As _Angel of Blood_ stated before me I'd love to see more Fluff on Cypher, if not a series on the man. He has been this intriguing mystery figure in the history of the Astartes; showing up from time to time. Yet he has been their to make a difference at critical moments in Imperium history. A Roguish Hero, or a Wandering Traitor? Either way should make for a great story, and Dan Abnett better be the one writing it.


----------



## Jacobite (Jan 26, 2007)

emporershand89 said:


> That quote was from Inquisitor Eisenhower I believe who talked to an Imperial Guard soldier who was later executed for admitting to having talk to Cypher.


Who is Eisenhower? Do you mean Eisenhorn? Because I don't recall Cypher being mentioned in any of the Eisenhorn or Ravenor books and it's not it Pariah. It's not in the =I= source book either. Also Eisenhorn was active in early to mid M41, the 13th Black Crusade where Cypher (or the Voice was) was active was 999.M41. Ur Council was in M35. I don't recall Cypher being active in the Gothic War which was the 12th Black Crusade either and that was before Eisenhorn was born.


----------



## emporershand89 (Jun 11, 2010)

Jacobite said:


> I don't recall Cypher being mentioned in any of the Eisenhorn or Ravenor books


Yes Eisenhorn; obvious 2 hours of sleep is not helping my cause  . In any case he is not mentioned directly in any of those books; indeed if not any of Eisenhorns literature. However I found on Lexicanum that, on the Cypher page, he is mentioned by an Imperial Guardsmen when Cypher surfaced during the amadis Incident..........

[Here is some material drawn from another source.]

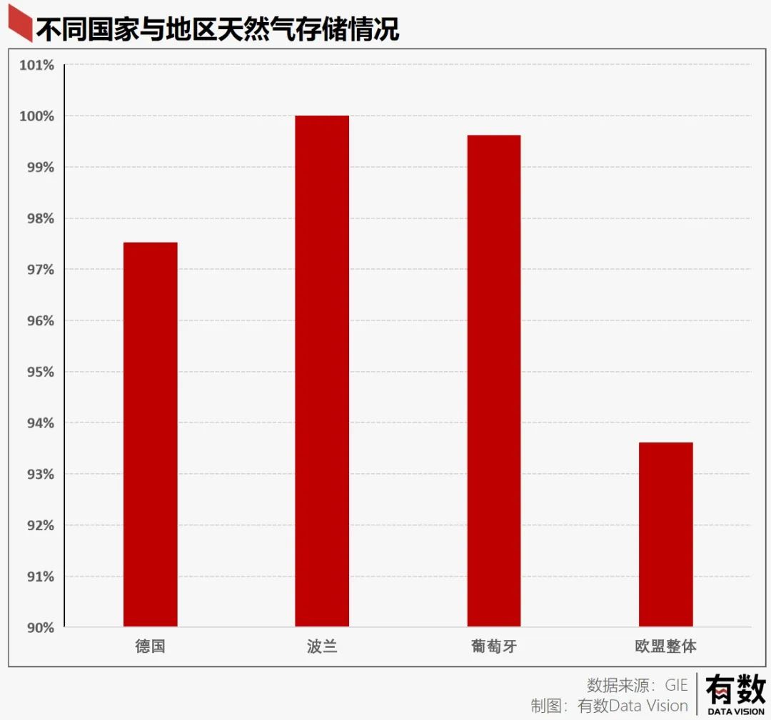 根据GIE数据显示,早在今年8月28日,波兰,葡萄牙的天然气仓储量就高达100%与99.62%,仅有意大利,奥地利等几个小型国家并未达到80%的及格线。截至10月24日,欧盟整体天然气储气率为93.61%,而德国天然气储存率已经达到97.53%。
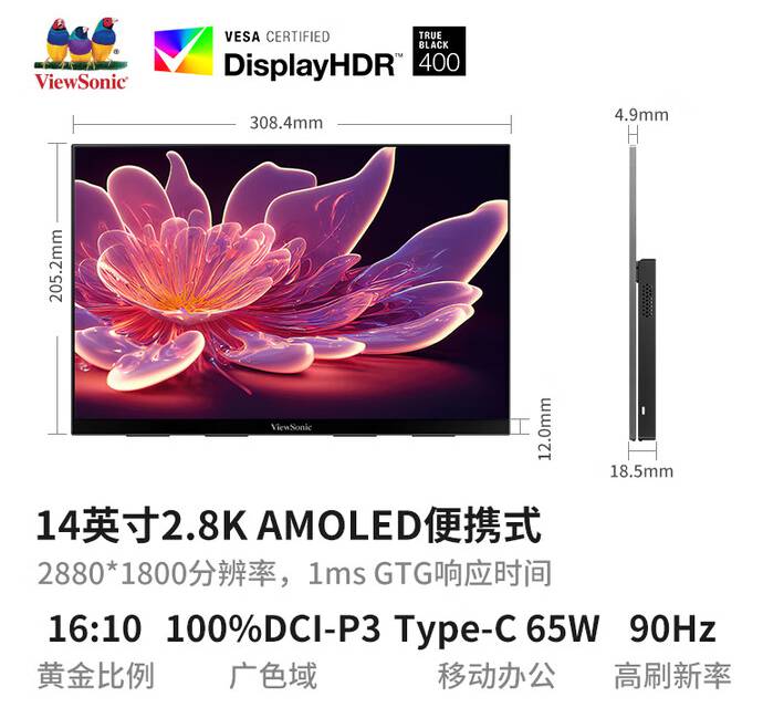 优派14英寸便携式显示器 2.8K OLED屏 100%DCI-P3色域 HDR400 手机电脑笔记本副屏PS5扩展 VX14P1-3K

> Cypher was present at the final battle of the liberation of Amadis, rallying the overwhelmed defenders in the face of Chaos cultist artillery and human wave assaults. Regan Antigone, the only trooper of the Procell 1st Irregulars who survived, swore an oath to Cypher not to reveal his presence, taking the credit for Cypher's actions. Decades later, 6th Company Master Tigrane learned the truth from now-Colonel Antigone at a social function. Master Tigrane declared Colonel Antigone a traitor for associating with Cypher and summarily executed him.
> 
> - "Lexicanum"


............I found, after reading through the notes on the "Malediction" audio book that it is mentioned later on that the Colonel was questioned by an Inquisitor before being shot. How true it is it's Eisenhorn, I will be honest I cannot say. However I believe Eisenhorn was around this time period, and this sounds like something that he would be interested in persuing. I admit it's a general conclusion, but it is the closest thing I have on Cypher ATM.


----------



## Jacobite (Jan 26, 2007)

You do realise there are other Inquisitors other than Eisenhorn right?

Until the events on Amadis have a date and location then there is no way of saying that Eisenhorn was the Inquisitor in question. As far as I can tell/find Dunn doesn't mention a date when this happens so this could happen at any point from the end of the Heresy through to after the 13th Black Crusade. Eisenhorn has a 600 year window in that, in one very specific sector of the 40K verse which Abnett created and you believe that it was Eisenhorn based on... nothing. No mention in any of Abnett's work and no mention in Dunn's.

Eisenhorn is Abnett's character and one of his major ones. The chances of Dunn being allowed to play with Eisenhorn's timeline is pretty slim especially since Abnett is 1/3rd of the way through writing a new trilogy in which he features heavily. Also the chances of Dunn being allowed to bring Eisenhorn into the Cypher mythology and the associated black bagging by the Dark Angels is really stretching it. 

Don't mean to be a prick but you really need to provide evidence before saying stuff like this. You can believe all you want but without evidence it's nothing more than your fantasy.


----------